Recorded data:
· · ·
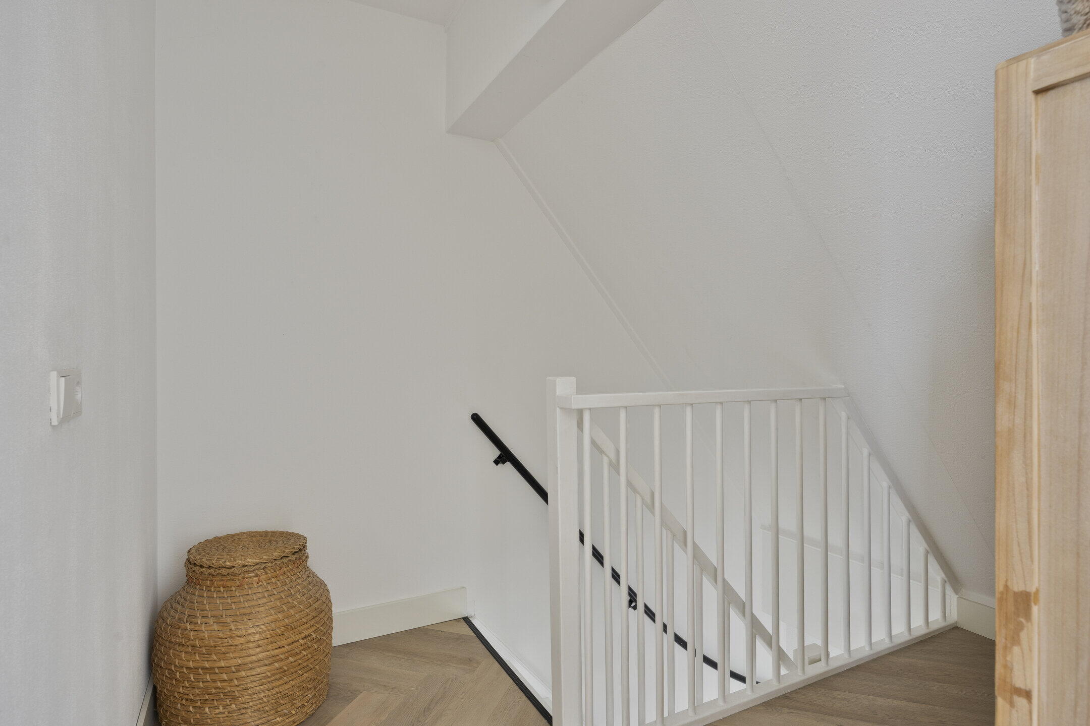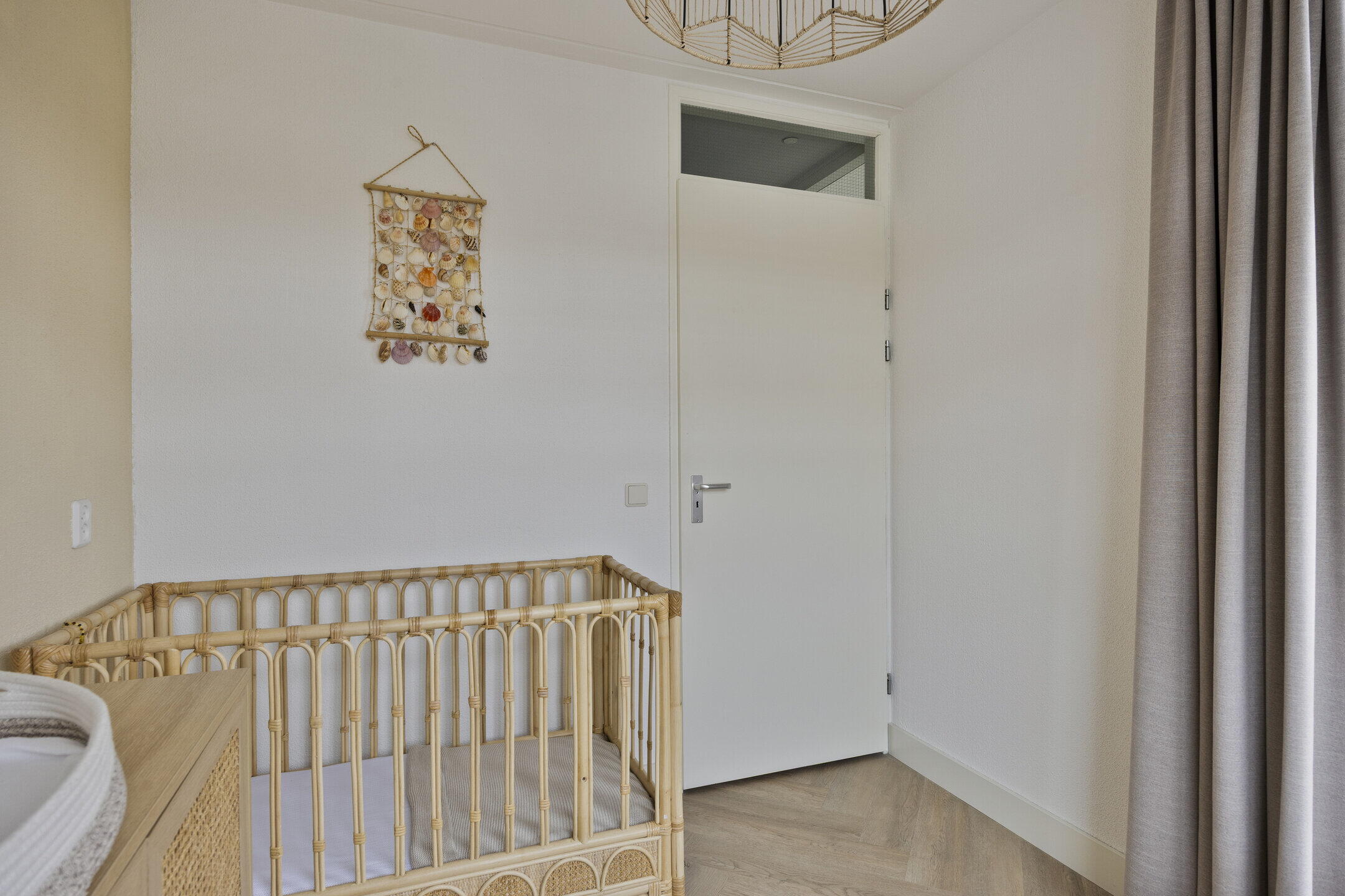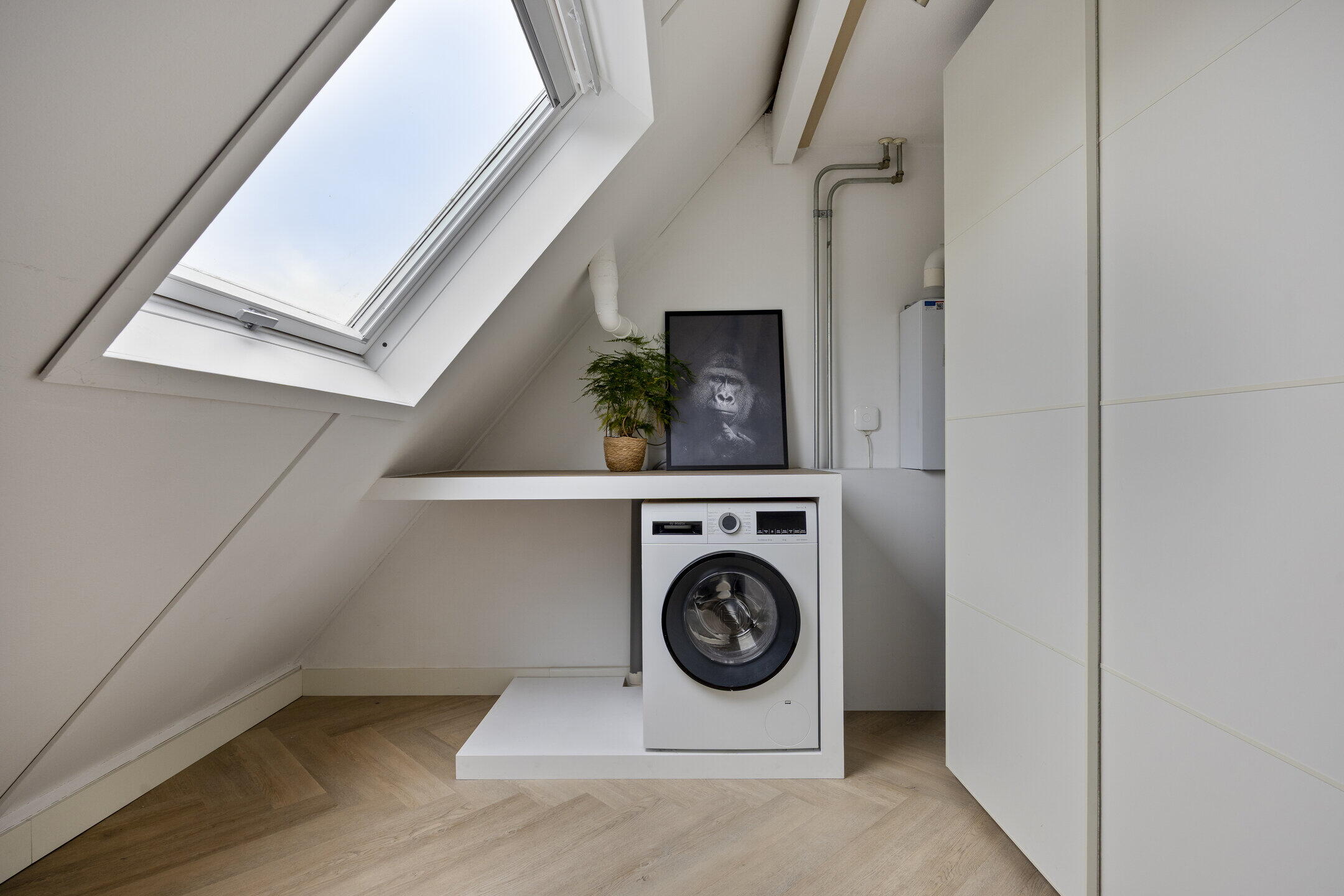 Via een vaste trap bereik je de tweede verdieping. Hier vind je nog eens twee slaapkamers, waarvan één met een balkon — een heerlijke plek om even buiten te zijn. Op de overloop zijn de aansluitingen voor wasmachine en droger aanwezig.
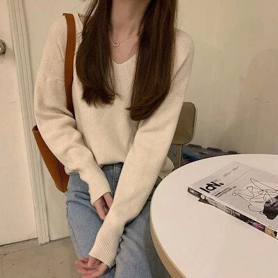 ニット ニットセーター レディース 長袖 秋 冬 Vネック ドロップショルダー 無地 シンプル ニットソー 柔らかい 防寒 カジュアル オシャレ 大きいサイズ 袖長い インナー コーデ
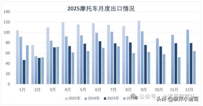 1-9月,摩托车生产企业产品出口总额81.36亿美元,同比增长26.42%。整车出口量996.74万辆,同比增长22.82%,出口金额65.96亿美元,同比增长28.78%。摩托车发动机出口97.41万台,同比增长15.36%,出口金额1.94亿美元,同比增长7.21%。
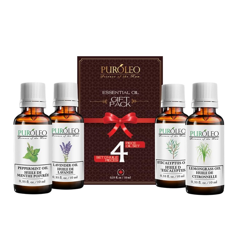PUROLEO Premium Grade Essential Oil - Gift Set 10ml Each / 0.33 Oz Bottles (Pack of 04) (Packed In Canada) 100% Pure Natural Undiluted Cold Pressed for Aromatherapy Therapeutic Grade Aromatherapy Oil for Sleep
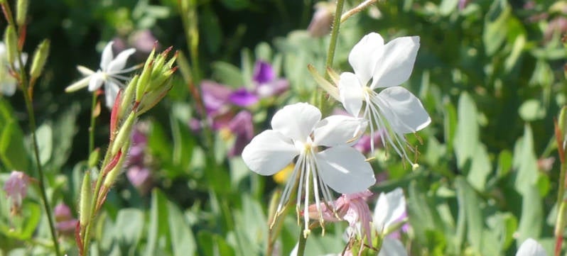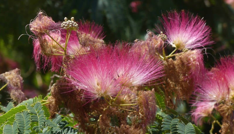 Bovenste foto een gele Brugmansia. De linker foto daaronder een onbekende plant en rechts daarvan een bloeiende boom die we ook in Marokko regelmatig zien
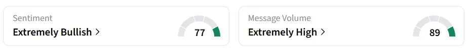 Intel stock traded 16% lower on Friday morning and was the top-trending equity ticker on Stocktwits. Retail sentiment around the stock changed to ‘extremely bullish’ from ‘bullish’ territory the previous day amid ‘extremely high’ message volume levels.
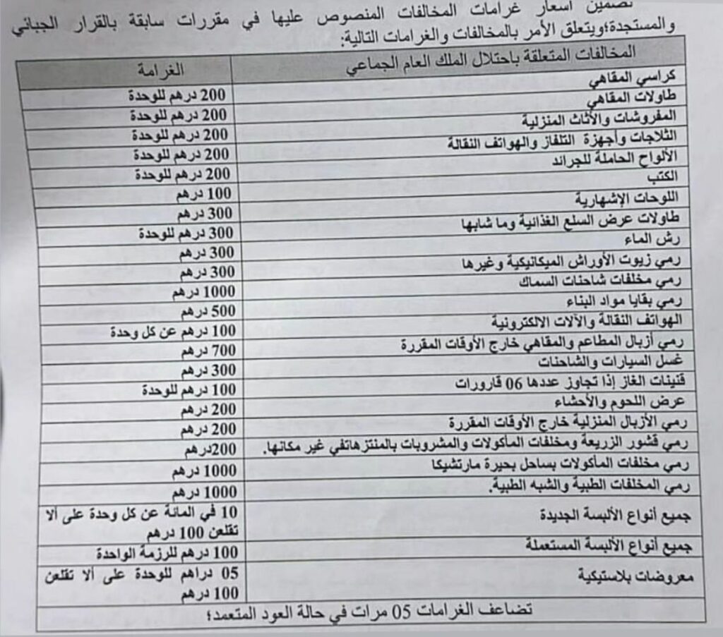 وحدد المجلس الجماعي الغرامات اليومية في 200 درهم، على كل كرسي أو طاولة أو مفرشضات أو ثلاجات وأجهزة إلكترونية وجرائد، تم عرضها على الرصيف أو في الأماكن العمومية دون الحصول على ترخيص مسبق من الإدارة المعنية، و300 درهم عن رش الماء أو رمي زيوت الأوراش المكيانيكية.
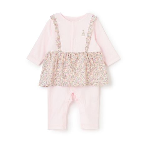 小花柄のジャンパースカートをドッキングしたようなカバーオールです。
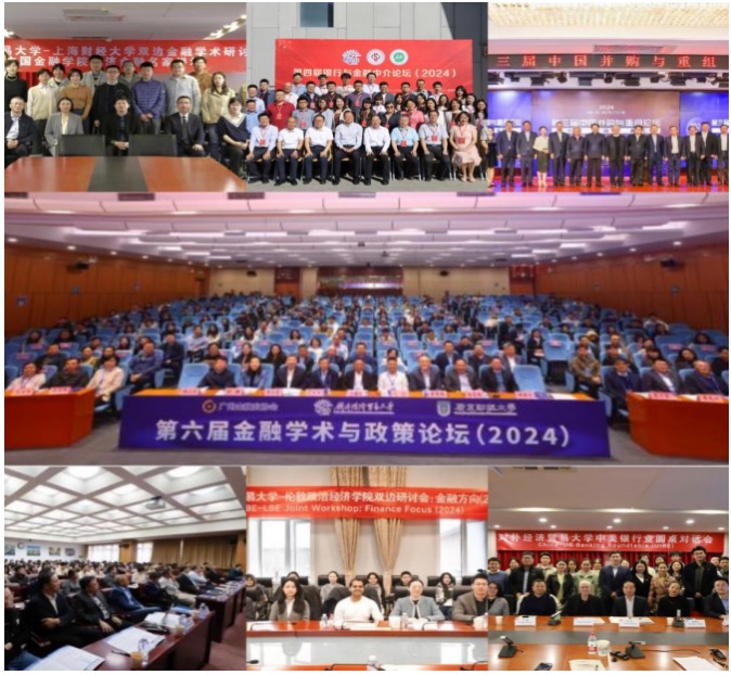 2024年学院共举办双周论坛34场次,经济金融名家讲坛16场次,大型学术会议5场。为了更好地促进学术资源共享,学院系列论坛中的第四届银行与金融中介论坛、第六届金融学术与政策论坛首次离开北京,于中国石油大学克拉玛依校区、广东财经大学举办。除了大型学术会议外,学院开启了包括“IMF-UIBE亚太区域经济展望研讨会”、“中美银行业圆桌对话”、 “UIBE-LSE双边研讨会”等一系列中小型双边论坛,并与上海财经大学金融学院、首都经贸大学金融学院开展双边学术研讨。此外,学院的非实体研究机构也举办了“2024国际资本市场暨负责任科学论坛”,“第三届并购与重组论坛”等专项学术交流活动。形成了多层次、多模式、多重参与的学术会议生态群。
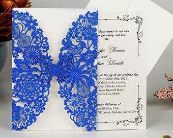 Amazon Com Wishmade 50x Royal Blue Glitter Laser Cut Wedding Royal Blue Butterfly Wedding Invitations
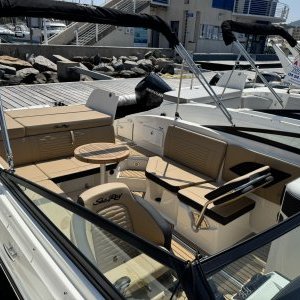 Ce bateau est équipé d’un guindeau électrique, d’un beau bain de soleil avant modulable, d’un grand taud de soleil, d’une table pique nique en teck, d’une douchette, d’un poste radio avec HP, d’un frigo sous coffre, d’un bain de soleil arrière + une méridienne de cockpit transformable, d’une belle plateforme de bain avec une partie submersible manuellement
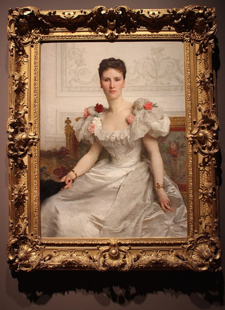 An example of a grossly over-framed painting according to the fashion of the time. It is a beautiful, hand crafted frame but it shouts opulence. Brightly gilded and elaborate it does not relate to the painting in any way. The portrait softly coloured needs a quiet, softly coloured frame to compliment it. A cassette or similar frame would be more appropriate. An ivory or off white, center panel and frosted gilding moulding to the outer and inner edge would be better. It would echo the soft colouring of the picture and the gentle, feminine theme. The softened gilding would add all the touch of brightness necessary.
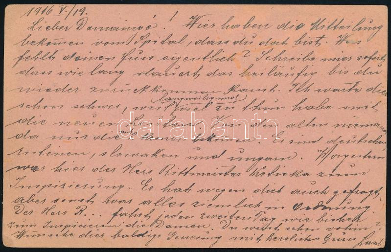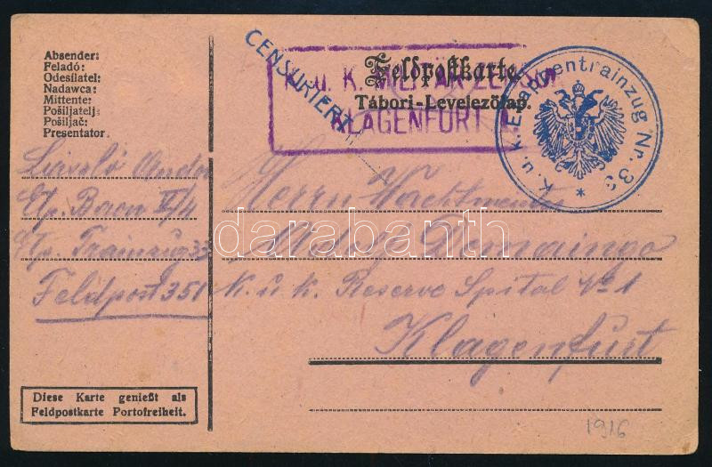 1916 Tábori posta levelezőlap, kék "K.u.k. Etappentrainzug Nr.33" + "K.u.K MILITÄRZENSUR KLAGENFURT"
· · ·
* [What you have to do]
Although the records above contain pictures, the copy must not; set down exactly the lines from the one with "وحدد المجلس الجماعي" up to and including the one with "小花柄のジャンパースカートをドッキングしたようなカバーオールです。".

* [Answer space]
 وحدد المجلس الجماعي الغرامات اليومية في 200 درهم، على كل كرسي أو طاولة أو مفرشضات أو ثلاجات وأجهزة إلكترونية وجرائد، تم عرضها على الرصيف أو في الأماكن العمومية دون الحصول على ترخيص مسبق من الإدارة المعنية، و300 درهم عن رش الماء أو رمي زيوت الأوراش المكيانيكية.
 小花柄のジャンパースカートをドッキングしたようなカバーオールです。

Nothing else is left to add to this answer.